あれ……? そもそも許嫁って何人集めればいいんだろう。今度チャンスがあったら女神さまに聞いてみなくては。
「御礼なんて良いですよ、それに俺、こう見えて許嫁がいるんで」
三人もいるなんて言えないけれど。
「……許嫁? ああ、桜宮撫子と桜宮桜花、それから星川葵ね。あと数人候補がいるみたいだけど問題ないわ。私も許嫁だから」
さらりととんでもないことを言う楓さん。へ? 何でそれを……!?
「ふふっ、何でそれをって顔してるわね。国家権力の力を甘く見ないように」
にっこりと笑う楓さんが怖い。え……もしかして俺って家の中まで監視されてるとか?
さすがに恥ずかしすぎるんだけど……。
「あはは、さすがにそこまではしないわよ」
楓さんに内心を言い当てられて焦る。ちょっと待て、楓さんも心が読めるのか?
「接触していれば、ね」
なるほど、ゆり姉と同じようなタイプなのか。犯人からしたら絶望そのものだろう。
「……もしかして楓さんも一族関連だったり?」
ここまでくるともしかしなくてもそうなんだろうなあ……。
「ふふっ、正解。私の任務は貴方の警護も含まれているから、一族半分、国家の仕事半分かしら?」
なるほど……これは安心して良いのか、監視されていることを嘆くべきかわからん。
「あの……ところで楓さんが許嫁って?」
許嫁の定義がおかしい気がするのは俺だけなのだろうか?
でも、みんな普通に使っているから、きっと俺が間違っているんだろうけど。
「あれ……? 聞いてないの? 君、世界中の一族から狙われているんだからもっと自覚したほうがいいわよ?」
……そういえば桜花さんがそんなことを言っていたような?
「狙われるって、どっちの意味でしょう?」
「ふふ、両方よ。残念ながら中には君の命を狙っているものもいるわ。国の安寧よりも己の利益と欲望にしか興味がない愚かな連中よ」
マジか……でもまあ考えてみれば当たり前なんだよな。過ぎた力は禍も呼ぶ。
もしかしたら父さんと母さんも……?
今更その可能性に思い至る。
今まで事故だと思い込んでいたけれど、殺された可能性もあるのか?
「…………」
心を読んでいるはずだが楓さんの返事はない。知らないのか、それとも……言えないのか?
「……楓さん、俺、どうすれば?」
そうだよ真実がどうであれ、逃げ場なんて最初からないじゃないか。俺が守らなきゃ誰がやるっていうんだ。撫子さんたちを守れないでどうして国が救える? 出来る出来ないじゃあない……数日前までただの高校生だった俺だけど……やるしかないんだ。

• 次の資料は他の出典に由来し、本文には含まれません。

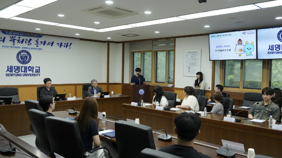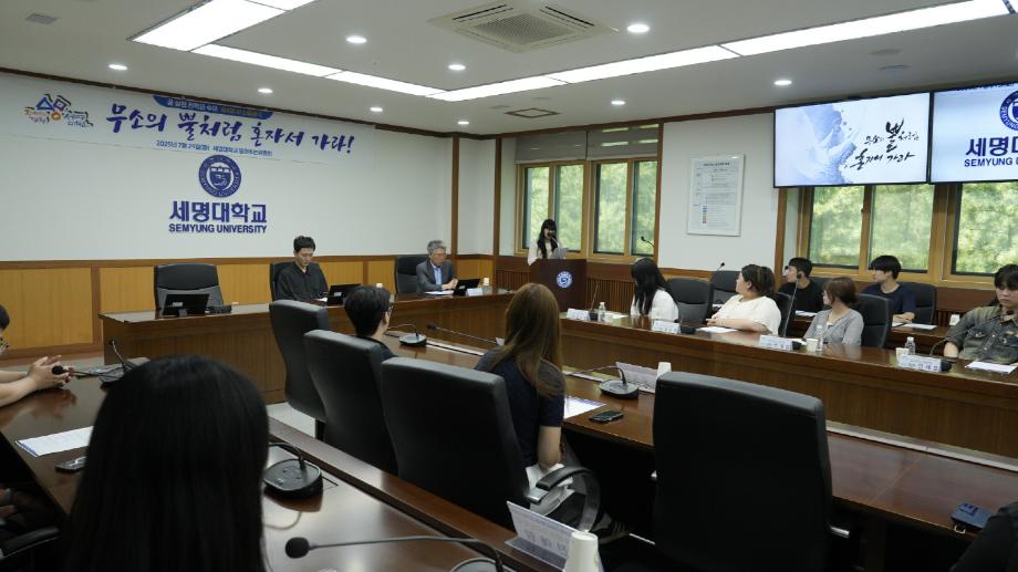 본문 시작 Photo SMU 세명소개 입학/취업 대학/대학원 학사지원 대학생활 연구/산학 기관/시설 SMU Story 소통·공감 학교기업 홈페이지가이드 학생활동 News@SMU 공지사항 보도자료 Photo SMU Media SMU 민송백일장 해카톤 경진대회 학생활동 페이스북 트위터 프린트 밀어주는 위원회 제4회 무소출정식 홍보센터 2800 2025-07-29 밀어주는 위원회 꿈 실현 장학금 수여 제4회 무소출정식 목록 이전2025 자기설계 해외배낭연수 발대식 다음 2025 제10기 세명대학교 하계 해외봉사단 발대식 담당부서 : 홍보센터 담당자 : 홍보센터 연락처 : 043-649-1175 최종수정일 : 2024-10-26 만족도조사 만족도 조사 이 페이지에서 제공하는 정보에 대하여 만족하시나요? 매우만족 만족 보통 불만족 매우불만족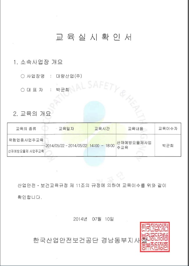 2014년 위험업종사업주교육 이수확인서 페이지 정보 작성자 최고관리자 작성일2014-07-15 이전글 다음글 본문 2014년 5월22일 박군희 사장님 산업안전보건공단에서 실시하는 위험업종사업주교육을 이수하였습니다. - 해당 교육 필요 이유 - 위험업종 사업주를 대상으로 사고사례 ,재해원인 분석 및 안전대책을 제시함으로써 산업재해감소 및 안전의식 제고를 통한 기업경쟁력 제고 항상 안전이 최우선입니다. !!!! 목록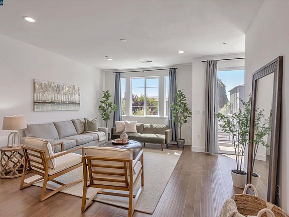 Stunning, solar equipped tri-level condo with 1,718 sq.ft. of living space, two generously sized bedrooms and two and a half bathrooms. First floor den offers a perfect work from home solution. The main living area is an open concept, grand-room style and includes an expansive kitchen and walk-in pantry. Private owner’s suite with dual vanities and a walk-in closet. This home is conveniently located near shopping, dining, and transportation. Close proximity to BART, I-880, Hwy 238 and 92.
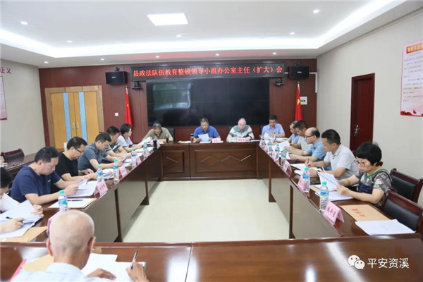7月6日,县政法队伍教育整顿领导小组办公室主任(扩大)会议在行政中心政法委会议室召开。县政府副县长、公安局局长、县政法队伍教育整顿领导小组副组长徐剑峰,县法院院长、县政法队伍教育整顿领导小组副组长曾胜龙,县检察院检察长、县政法队伍教育整顿领导小组副组长周广平,各专项组全体成员参会。会议由县委常委、政法委书记、县政法队伍教育整顿领导小组副组长黄惠忠主持。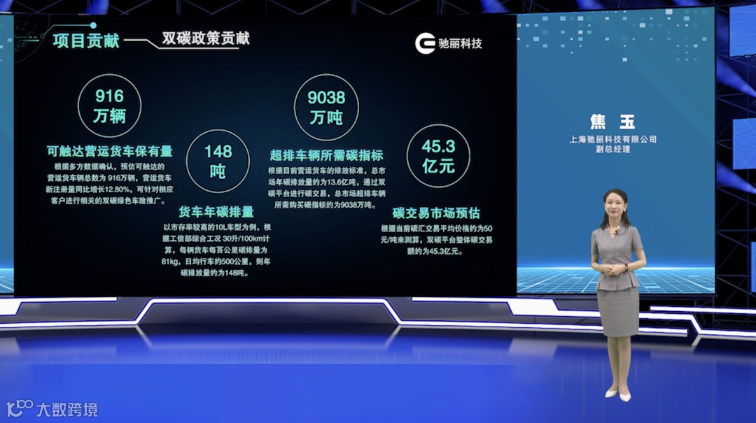 云论坛还举行了低碳产品发布仪式,上海驰丽科技有限公司与上海环境能源交易所、上海保险交易所、中节能咨询有限公司、中国联通数科重庆分公司、中国移动通信集团重庆有限公司、中国平安财产保险股份有限公司宁夏分公司、阳光财产保险股份有限公司共同发布——“双碳绿色车险”。上海驰丽科技有限公司副总经理焦玉详细介绍了国内首个道路交通行业的燃油车“碳中和”整体解决方案,通过大数据等科技手段解决营运货车超排问题,使营运货车在平台实现“碳中和”同时获得保险服务,以科技赋能产品,提供绿色低碳出行服务。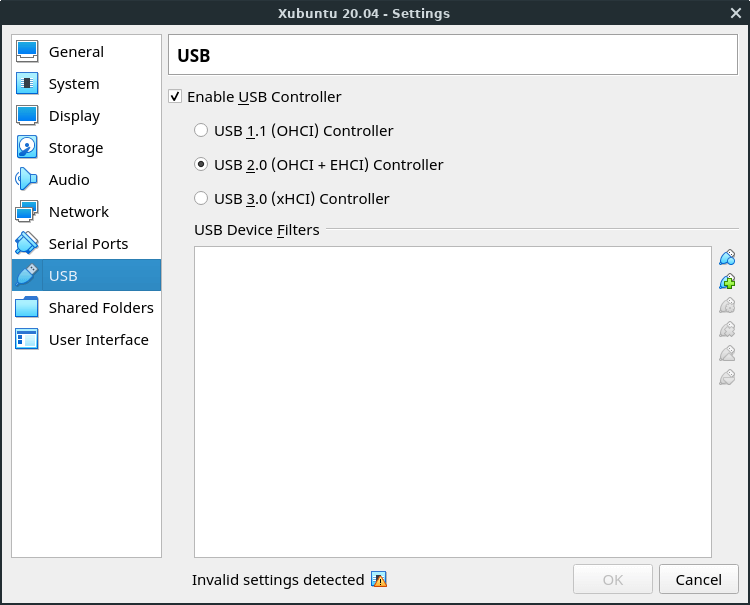 Now, click USB on the left side and make sure that the USB controllers are enabled. This will allow you to copy to/from USB sticks in the VM.

「ふふ、ずいぶん良い顔するじゃない。でもね、そんなに心配しなくても大丈夫よ。簡単でとってもいい方法があるわ」
長いまつげをバチッとウインクしてより密着してくる楓さん。見た目よりもずっと肉感的でがっちり掴まれているので、色々と困ったことになっている。
「……簡単で良い方法?」
そう言われて素直に喜べないのは、俺が汚れちまったからなんだろうか?
「私を今すぐ許嫁として受け入れればいいのよ」
「あの……それは本気で言ってます?」
昨日会ったばかりだし、歳の差もある。楓さんぐらい美人で有能な女性ならいくらでも相応しい相手がいそうだし、選り取り見取りだと思うんだけど……?
「本気も本気よ。今の命くんに出来ることは一つだけ。許嫁を増やして戦力を上げること。違う? こう見えても私、一族の中でもトップクラスに強いのよ?」
俺の手を取り、服の中に導き入れる楓さん。
え……いきなり……そんな。
おおう……すごい腹筋だ。
鍛え上げられた肉体に戦慄する。
「ね? すごいでしょ。命くんは知らないだろうけど、私はずっとキミのこと見ていたんだから」
自慢げにウインクする楓さん。そうか……ずっと見守ってくれていたんだよな。俺が知らなかっただけで。
鍛え上げられた肉体もそうだけど、気付かれずに警護する手腕は素直にすごいと思う。
「そうよ、きっと役に立つと思うわよ?」
あの……すごいのはわかったのでそろそろ手を抜いても良いでしょうか?
「駄目、私を許嫁にするまでは離さないから」
押しが強い楓さん。俺、ケーキとお菓子買いに来ただけなんだけど。どうしてこうなった?
「……わかりました。楓さんさえ良ければ俺に異存はありません。でもね、役に立つからじゃないですからね!! 楓さんだからですからね?」
残念なところはあるけれど、とっても良い人だし、昨日会ったばかりとは思えないほど、なぜか気になっている自分がいるのも間違いない。これも何かの縁、きっと女神さまのお導きなのだろう。
「……命くんって、ツンデレだったのね」
くすくす笑う楓さん。あ……言われてみればたしかに。くっ……殺せ。
「でも良かったわ!! これで仕事もやりやすくなるし、ケーキも食べ放題ね」
警護の仕事はわかるけど、ケーキ食べ放題は一体……?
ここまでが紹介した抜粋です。